Aunque los socialistas están tratando de hacerse con la figura de Shklar (en la edición de
Herder le han encargado la introducción a un miembro de la Escuela de Frankfurt) la filósofa
norteamericana es explícitamente adversa a dicha doctrina política porque establece
ilegítimo la ingeniería social típicamente de izquierda cuando subraya que “las amenazas y
sobornos empleados para imponer la conformidad son intrínsecamente degradantes”.
También es incompatible con el socialismo porque establece una esfera de salvaguarda de
la autonomía individual frente a las pretensiones de la izquierda de legislar sobre los
cuerpos y las mentes de los individuos. Los principios de una metapolítica liberal consisten
según Shklar en:

1. La reivindicación de la autonomía personal.

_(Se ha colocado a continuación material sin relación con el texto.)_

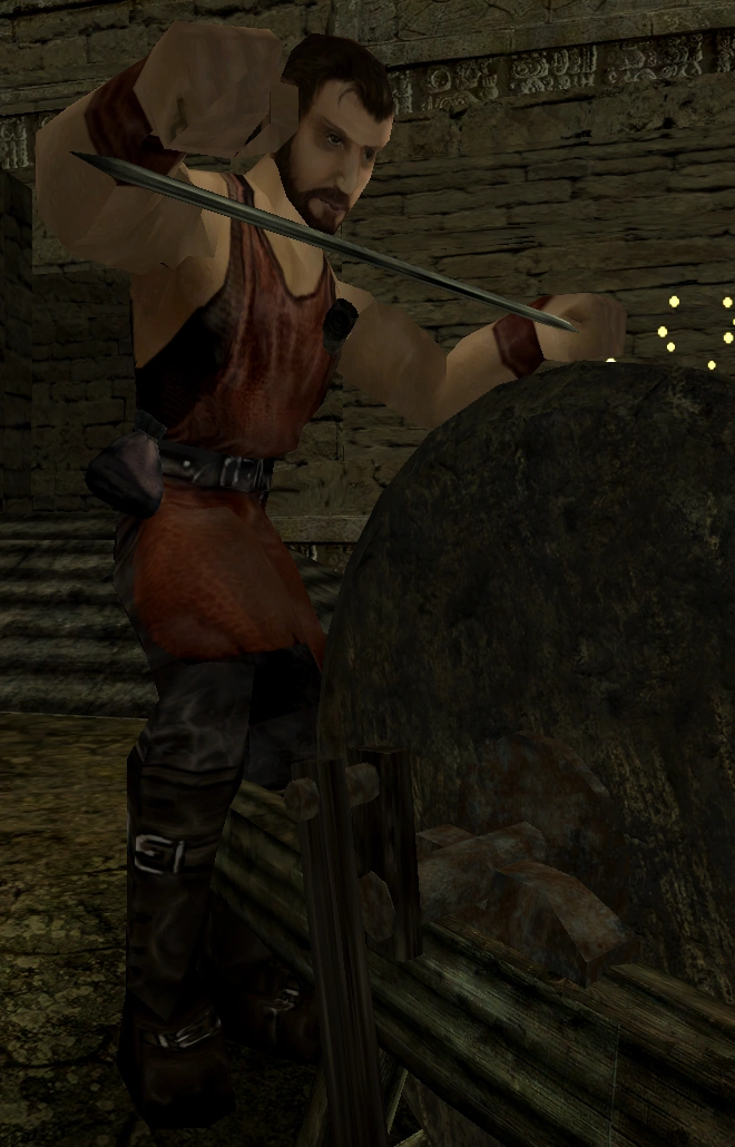 Ponadto może nauczyć protagonistę wykuwania różnych mieczy. O ile opanowanie sporządzenia niewykończonego miecza jest dostępne od razu i bez względu na gildię, tak nauka kucia lepszych broni jest zarezerwowana dla strażników i magnatów.
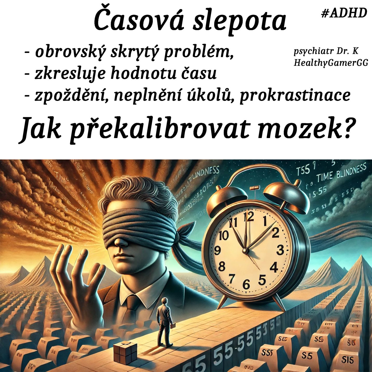 Dr. K (psychiatr z HealthyGamerGG) ve videu vysvětluje časovou slepotu jako jednu z nejvážnějších, ale často přehlížených obtíží spojených s ADHD.

2. Un gobierno limitado y responsable.
3. Un compromiso político explícito con este tipo de instituciones.

En tiempos de debate sobre la gestación subrogada, la legalización de la prostitución y las


drogas, el golpismo de los nacionalistas, la imposición de los socialistas de “ciudades unas,
grandes, libres y ecologistas” así como megaproyectos mundiales que con la excusa del
“ecologismo” o la “igualdad” tratan de cercenar las libertades individuales, el
“descubrimiento” de la obra de Judith Shklar, una filósofa de fuste por categoría intelectual y
no por cuota de género, es la mejor noticia posible.